It's not as if people didn't already have reasons, fifty years ago, to go to that sunny peninsula. Sandy beaches, Daytona's hard sands and later stock car track; Cape Canaveral and Cocoa Beach where Tony the astronaut lived with Jeannie, Miami on south and Key West on along US 1 to the very not-so-bitter end.

Travis McGee had been warning us for years about some of the pressures already weighing down the Everglades and the Intracoastal Waterway; retirees had been fleeing south to Fort Lauderdale and beyond for a century, though The Villages were a few more years in the future.

But Walt Disney had a very different vision for central Florida, and a vision that he'd started with a couple decades earlier in southern California, but couldn't quite execute in full with control of the real estate around Disneyland.

So he quietly started buying up orange groves and swampland, and perhaps a few politicians while he was at it, established the Reedy Creek Improvement District which surely deserves a book all its own, and began to lay out his dream for a Walt Disney World.

EPCOT, too. The Experimental Prototype Community of Tomorrow never quite came together as Walt imagined, and today's Epcot is a decade younger and a faint shadow of what its designer had hoped for.

Because Walt Disney died in December of 1966, a date I recall as a child, first worrying that his Wonderful World would no longer be on TV Sunday nights, but my mother assured me that, while it was sad that he had died, his show would continue.

As has often been the case, she was right. Walt died, but his brother Roy made sure that "The Florida Project" continued (he barely outlived the grand opening fifty years ago this week himself), and the Magic Kingdom opened to great fanfare, including special coverage on "The Wonderful World of Disney" which I saw not long after our house made the dramatic shift into color television. It was amazing. 
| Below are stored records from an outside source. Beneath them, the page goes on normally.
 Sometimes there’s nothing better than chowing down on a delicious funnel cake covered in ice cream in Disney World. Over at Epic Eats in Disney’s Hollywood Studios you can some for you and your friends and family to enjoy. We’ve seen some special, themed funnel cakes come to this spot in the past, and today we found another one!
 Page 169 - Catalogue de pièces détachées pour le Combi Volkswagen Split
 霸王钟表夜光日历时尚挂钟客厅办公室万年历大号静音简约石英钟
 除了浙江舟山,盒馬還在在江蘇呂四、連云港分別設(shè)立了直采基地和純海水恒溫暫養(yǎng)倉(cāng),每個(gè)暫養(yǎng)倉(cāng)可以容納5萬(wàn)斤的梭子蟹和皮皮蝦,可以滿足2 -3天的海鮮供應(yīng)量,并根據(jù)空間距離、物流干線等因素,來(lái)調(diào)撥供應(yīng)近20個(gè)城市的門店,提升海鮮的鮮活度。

For those who've been there more recently, I have to note that at opening, Disney World admission was $3.50 for adults, $2.50 for kids under 18, and children under twelve were a buck. Yeah, times have changed.

Why am I talking about this anniversary in a column normally about matters of faith? Or am I trying to suggest that a kingdom rooted in magic has anything to tell us about divine will?
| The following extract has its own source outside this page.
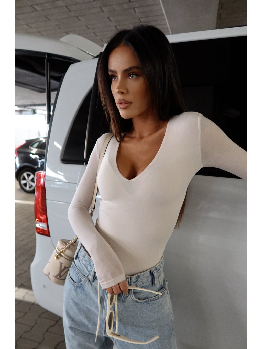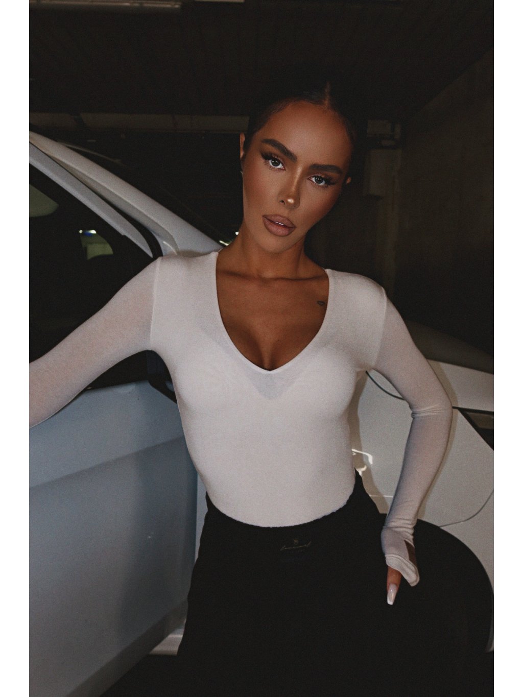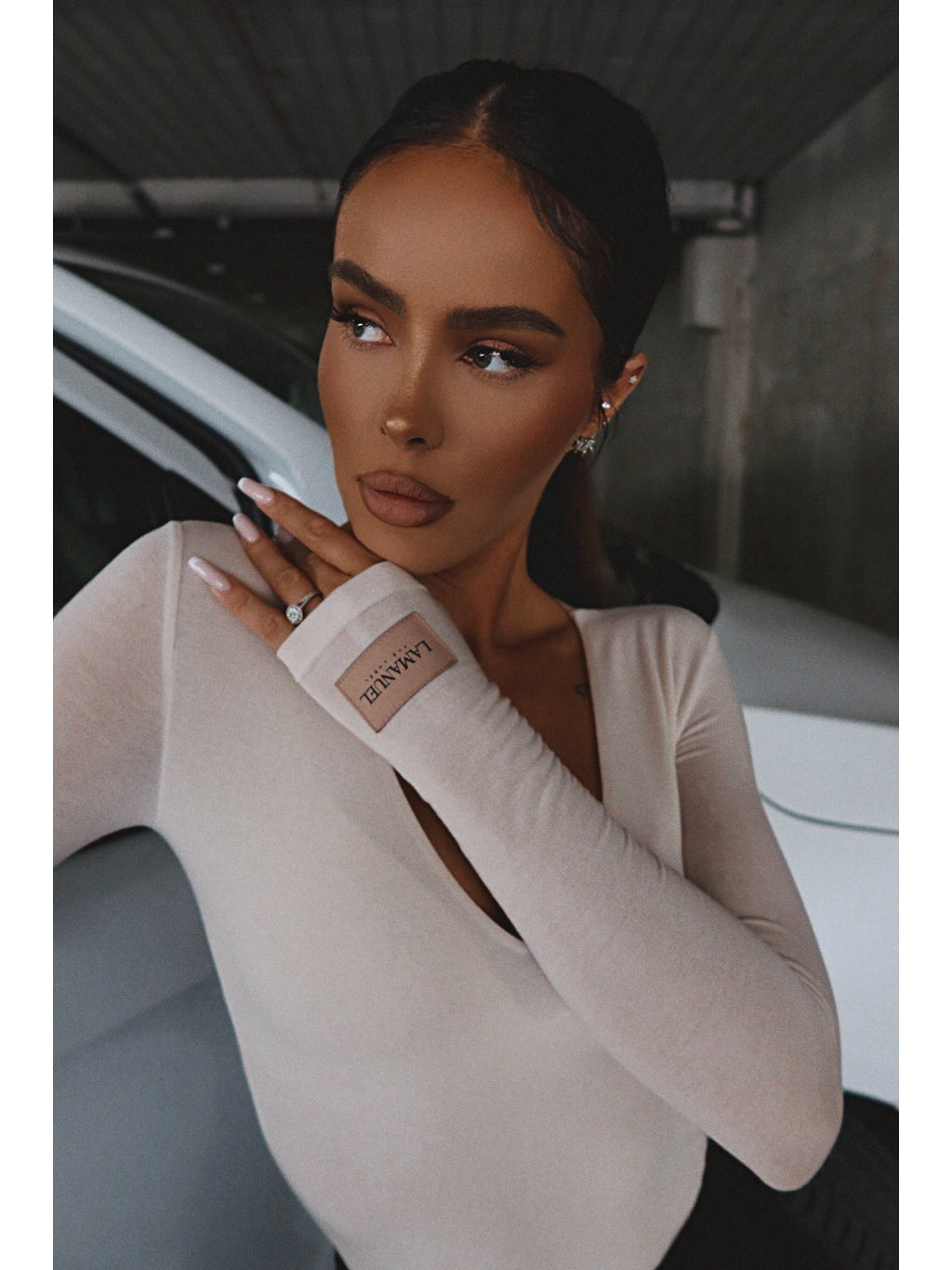 Body je vyrobené z extrémne mäkkej svetrovej pleteniny, ktorá poskytuje pohodlie a je príjemná na dotyk. Predná strana je podšitá ďalšou vrstvou látky pre väčšie pohodlie a lepšie krytie. Vypasovaný strih krásne sedí na postave a elastický materiál sa prispôsobí telu bez pocitu napnutia. Má hlboký výstrih do V a predĺžené rukávy s nášivkou s logom na manžete. Zapínanie na háčiky a očká v rozkroku, so šnúrkou - perfektné pod vypasované nohavice alebo sukne. Univerzálny základ pre každodenný aj večerný styling.

Fair questions, all. But I'm going to leave Tinker Bell and Pinocchio and princesses for another day. What I'm recalling is that first year, and how I had a classmate whose family went to spend Christmas, yes, the Christmas holiday itself, at the Magic Kingdom, staying in the Contemporary Resort (the one the monorail goes right through). All of us in sixth grade were suitably impressed, but I also remember thinking "that would be so weird, to not be at home, with your own tree, and relatives dropping by, and falling asleep in the pile of wrapping paper on your own floor that evening." That was 1971.
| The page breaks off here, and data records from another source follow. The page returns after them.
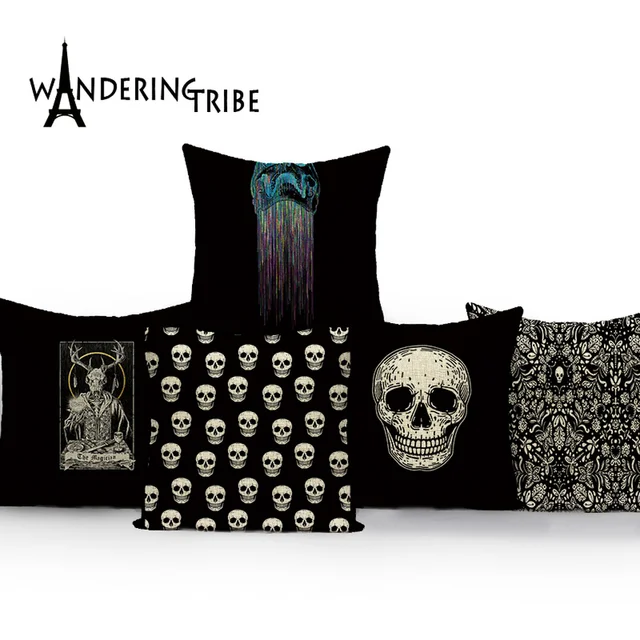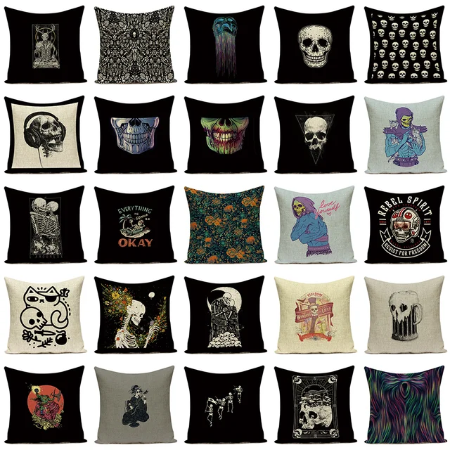 Klasszikus Koponya Párnahuzat Cukros Dekoráció Hálószoba Párna Tok Vászon Nyomtatott Otthoni Autó Ágy Borító
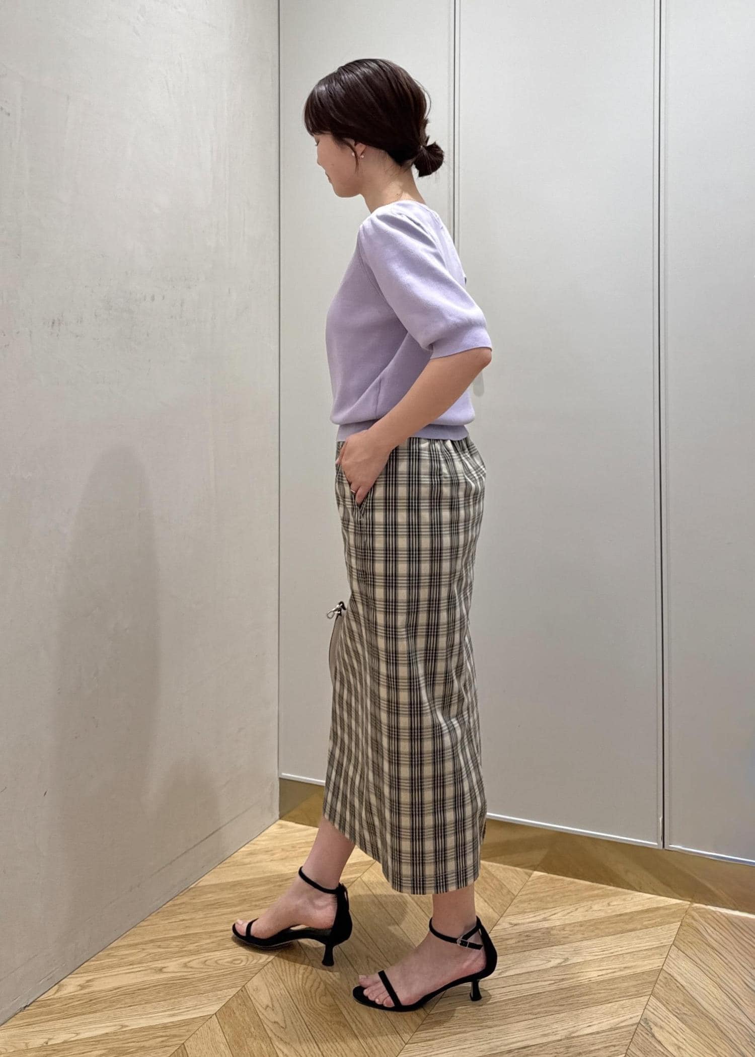 ヒールもフラットシューズも合わせやすいです。 -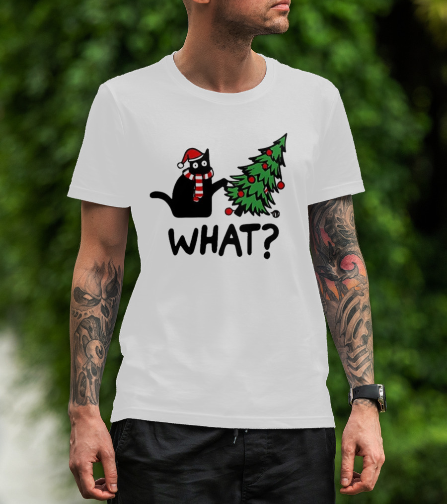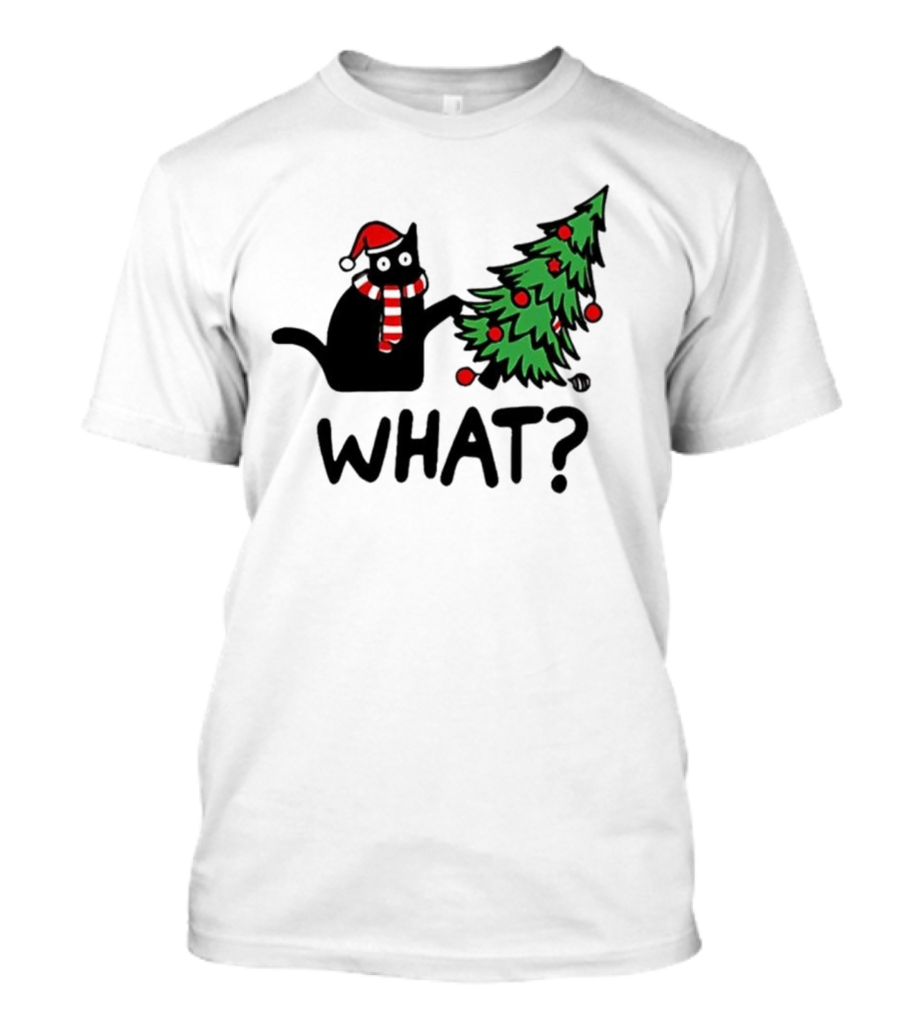 The What Cat Christmas Santa Hat Tree T-shirt is designed for everyday wear and a consistent fit. Fabric is pre-shrunk ring-spun cotton with durable stitching. See the size chart below for exact measurements.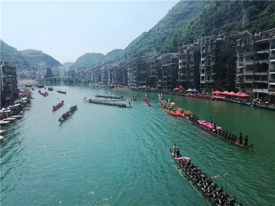 【香港商报网讯】记者许入介、黄庆松报道:29日,以"龙腾古城·和谐镇远"为主题的"2017年'多彩贵州'中国历史文化名城·镇远"㵲水银江杯"第三十四届传统龙舟文化节在镇远古城开幕。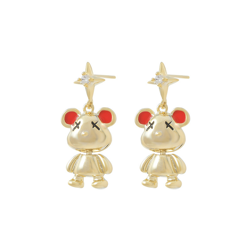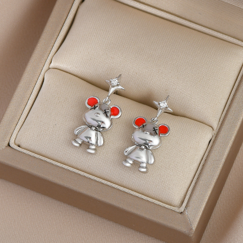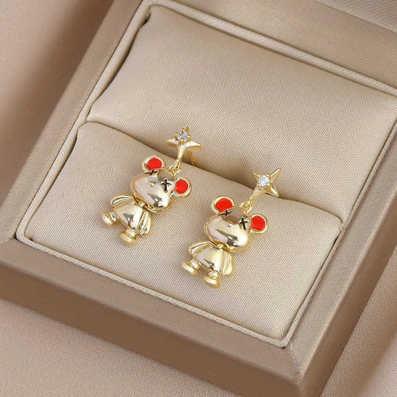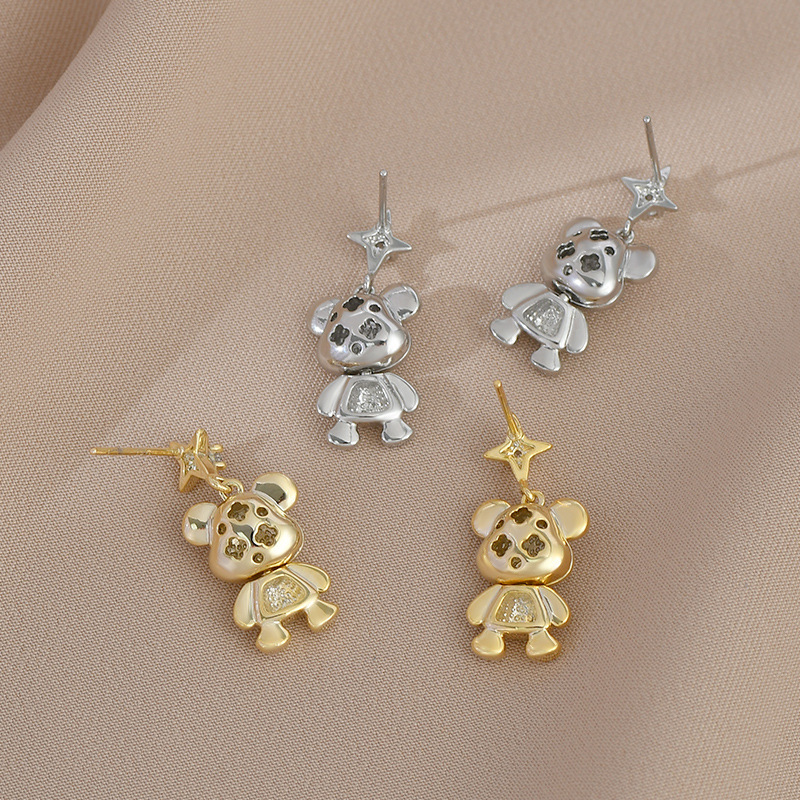 秋冬新款气质耳钉女S925银针高级感小熊耳饰韩版时尚学生耳坠批发 English | 投诉

Today, I'm not sure a kid, let alone a parent, would be so quick to have those thoughts. And would probably leap at the idea of getting to do Dec. 25th in shorts and sandals roaming around the foot of Cinderella's castle.

Disney World is an institution, with a history, and multiple resorts, with Epcot followed by Hollywood Studios and Animal Kingdom and who knows what all they've got down there. They are a tradition for families, and people return again and again with rituals and expectations all their own.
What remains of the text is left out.